Though the current bear market is half over in terms of price (three weeks ago we hit -57% and you can’t lose more than 100%), we are still early in the game as far as the economy goes. Official (read: bullshit) unemployment is still just a tad over 8%, and while the old measure (U-6) is reading 14%, we are headed for 25% in a hurry. Baring a catalyzing event, Obama’s approval rating has nowhere to go but down — in terms of historical context his term is positioned like that of Hoover, not FDR, who took office after the market had bottomed and already doubled.

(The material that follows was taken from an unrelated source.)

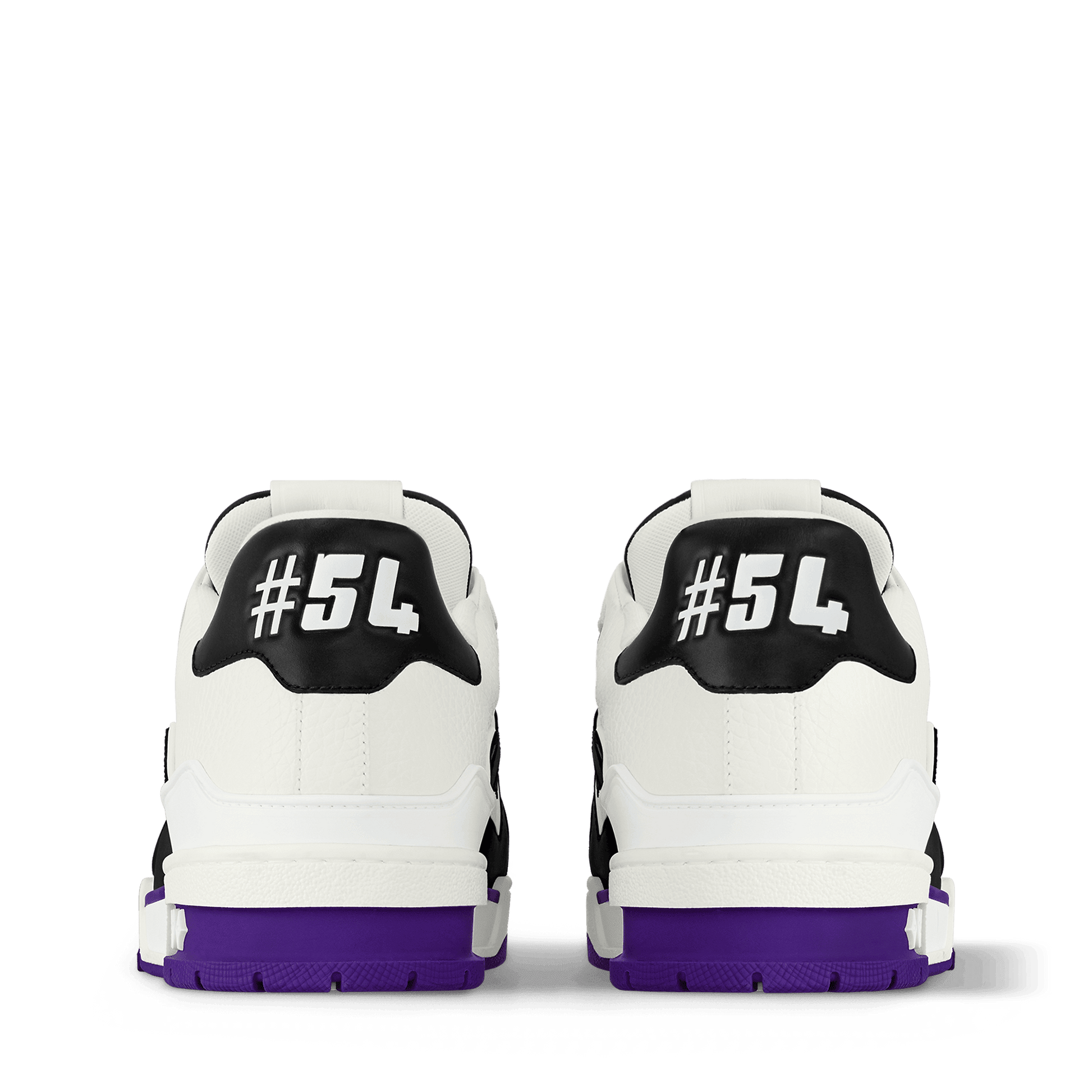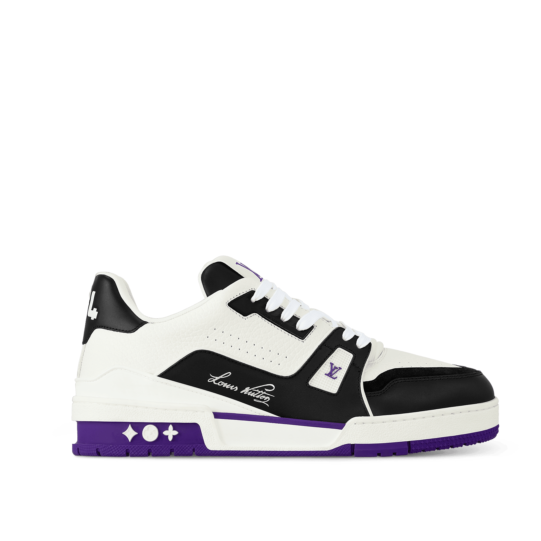 This edition of the LV Trainer sneaker comes in nubuck calf leather, which is partially debossed with the Monogram pattern. Inspired by vintage basketball sneakers, this model has a richly detailed upper featuring an adjustable velcro strap, a large Monogram Flower, and an asymmetrical Louis and Vuitton signature. It is finished with a two-tone rubber outsole.

This all spells a continuing deterioration in mood, possibly even at an accelerated pace, but because the market is not efficient and couldn’t care less about the economic fundamentals, an aggressively bearish trading stance is still only warranted when the market is highly overbought in multiple time-frames. Right now, we are only mildly overbought on a week-by-week scale (on Friday we were very overbought on this scale), while of course oversold on a daily scale and still somewhat oversold to neutral on a monthly scale (picture a 1-year chart). It is the 3-10 year chart that makes me nervous about being too quick to load up on shorts again. All things being equal, does this look like a good spot to go short?
3-year view here from bigcharts.com:
To deal with this situation I have lately been slowly accumulating December 2011 OTM puts on the S&P, scaling up purchases as the market rises. These positions are for keeps. I do not intend to part with them until the market has fallen well below 600 if not 500 (32 months should be more than enough time for that to happen, no matter how things girate in the interim). For trading the twists and turns along the way, December 2010 and even 2009 puts do very nicely. They are highly liquid and responsive to the market’s daily moves.
I am still bearish on the precious metals from a trading standpoint, and exercise this opinion mainly through the silver futures market and various equity puts (that said, if you don’t already have a nice pile of physical gold, get some and you’ll sleep better). Here and there investors are still losing their minds over certain stocks (ahem, Best Buy), and I always stand ready to short such silliness.
S&P earnings: Analysts still have their heads in the clouds and the I-banks are still getting away with talking about “expected operating earnings.” NET NET NET trailing report earnings are all that matters, and those will fall under $20 and stay there for many months before they start to grow again. Put a PE of 8 on that Jackson for your stock market bottom.
US bonds: bearish but not shorting
US dollar: bullish
Euro and Swiss Franc: bearish
Oil: neutral but prepared to start shorting at 60
Base metals: neutral to bearish (will short again if higher)
Grains: still waiting to buy
US real estate: wait until 2012 and figure on a cash market, but maybe buy in late 2010 if you can still get a low fixed rate loan.
NYC real estate: wait a year longer than the rest of the US — amazingly, denial still runs deeper there.
Guns ‘n ammo: good to own, but worthless if you don’t learn how to use them intelligently.
Obama: To appease and distract the masses, will he be crucified like Nixon?